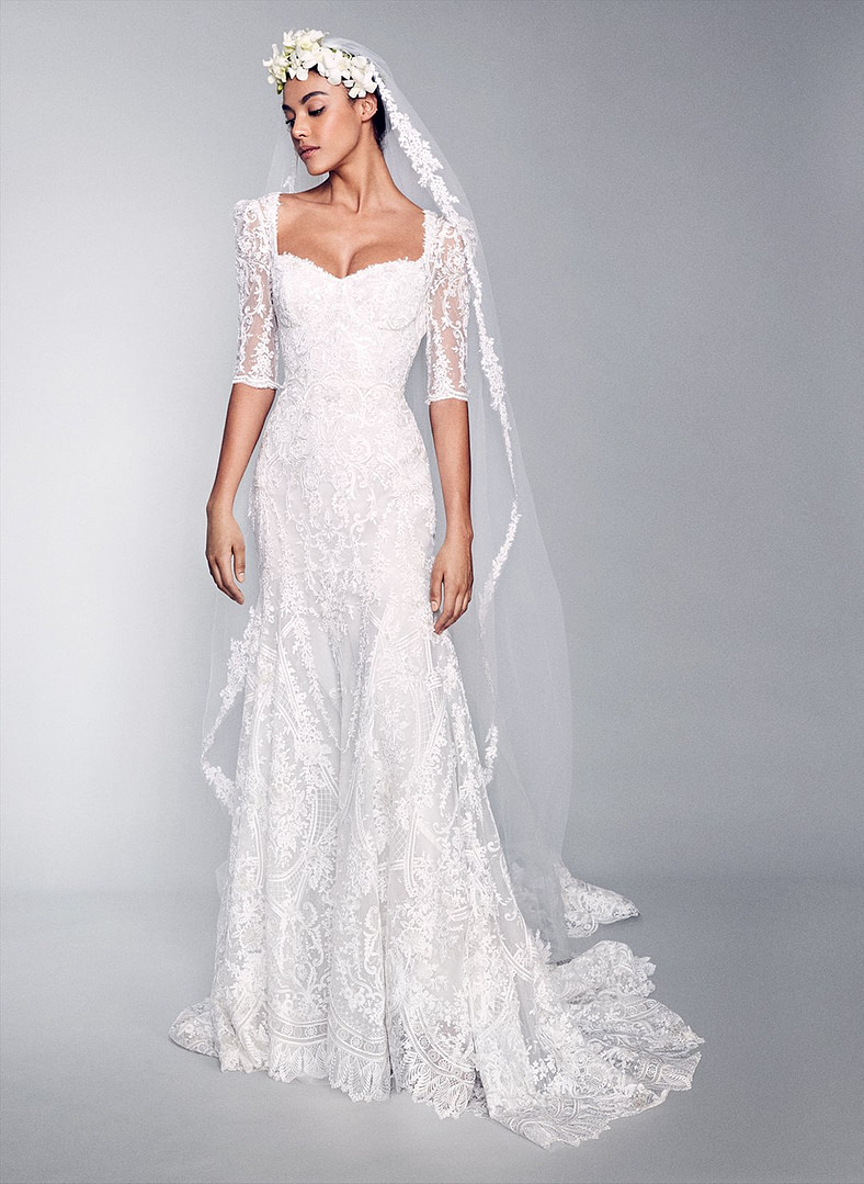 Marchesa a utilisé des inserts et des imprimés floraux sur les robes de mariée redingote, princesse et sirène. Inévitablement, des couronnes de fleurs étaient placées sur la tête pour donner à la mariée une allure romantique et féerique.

::::

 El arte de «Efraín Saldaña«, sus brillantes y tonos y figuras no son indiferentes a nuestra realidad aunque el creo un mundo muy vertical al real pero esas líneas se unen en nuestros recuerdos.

::::

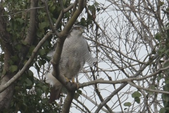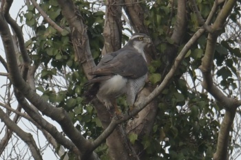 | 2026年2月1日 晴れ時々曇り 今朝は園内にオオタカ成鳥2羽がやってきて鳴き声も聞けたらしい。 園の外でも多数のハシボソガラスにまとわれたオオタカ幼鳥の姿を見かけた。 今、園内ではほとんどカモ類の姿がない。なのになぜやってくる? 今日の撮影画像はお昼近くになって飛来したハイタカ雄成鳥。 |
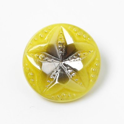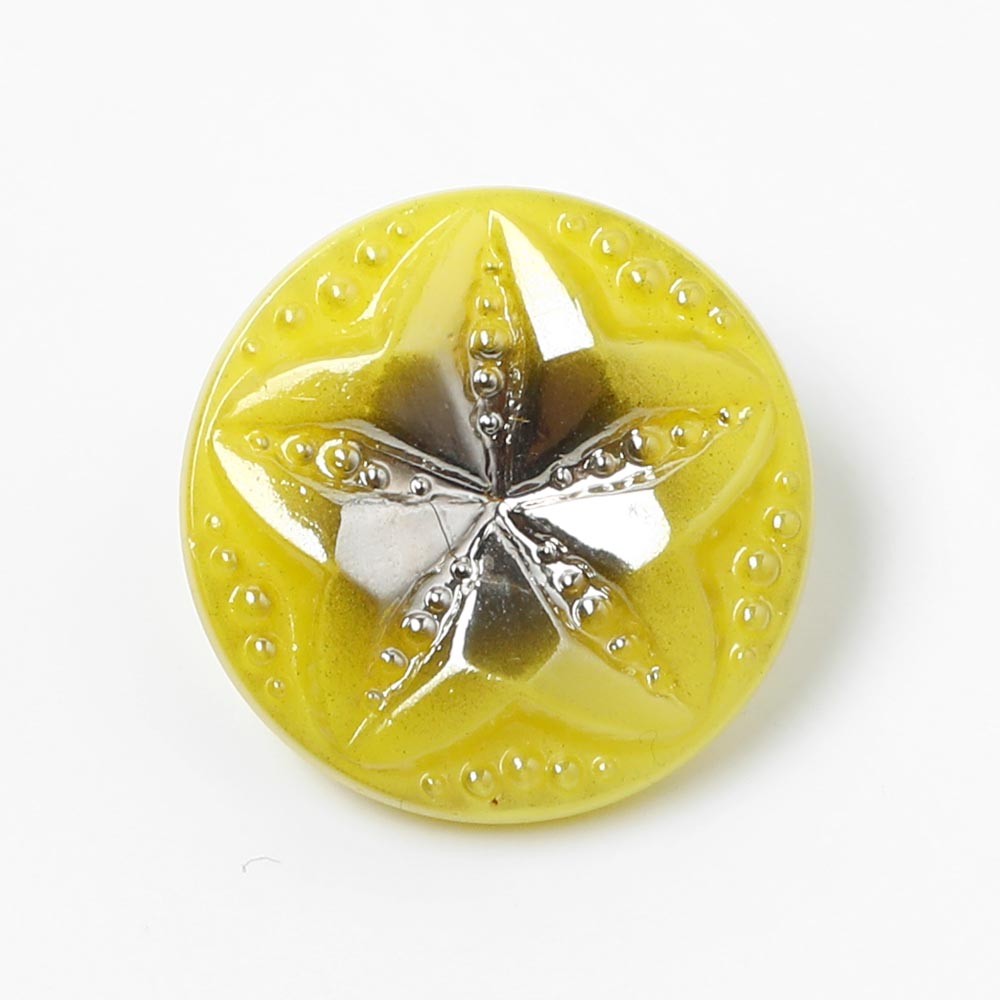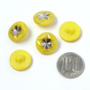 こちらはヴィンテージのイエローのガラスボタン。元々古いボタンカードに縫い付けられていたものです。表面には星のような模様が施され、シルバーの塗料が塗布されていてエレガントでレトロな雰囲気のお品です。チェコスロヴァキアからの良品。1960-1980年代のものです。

::::

**Aim of the task**
Given the entries above, transcribe exactly the lines from the one holding "今、園内ではほとんどカモ類の姿がない。なのになぜやってくる? 今日の撮影画像はお昼近くになって飛来したハイタカ雄成鳥。 |" through the one holding "こちらはヴィンテージのイエロ"; pictures do not belong in the transcription.

**Reply to the exercise**
 | 2026年2月1日 晴れ時々曇り 今朝は園内にオオタカ成鳥2羽がやってきて鳴き声も聞けたらしい。 園の外でも多数のハシボソガラスにまとわれたオオタカ幼鳥の姿を見かけた。 今、園内ではほとんどカモ類の姿がない。なのになぜやってくる? 今日の撮影画像はお昼近くになって飛来したハイタカ雄成鳥。 |
 こちらはヴィンテージのイエローのガラスボタン。元々古いボタンカードに縫い付けられていたものです。表面には星のような模様が施され、シルバーの塗料が塗布されていてエレガントでレトロな雰囲気のお品です。チェコスロヴァキアからの良品。1960-1980年代のものです。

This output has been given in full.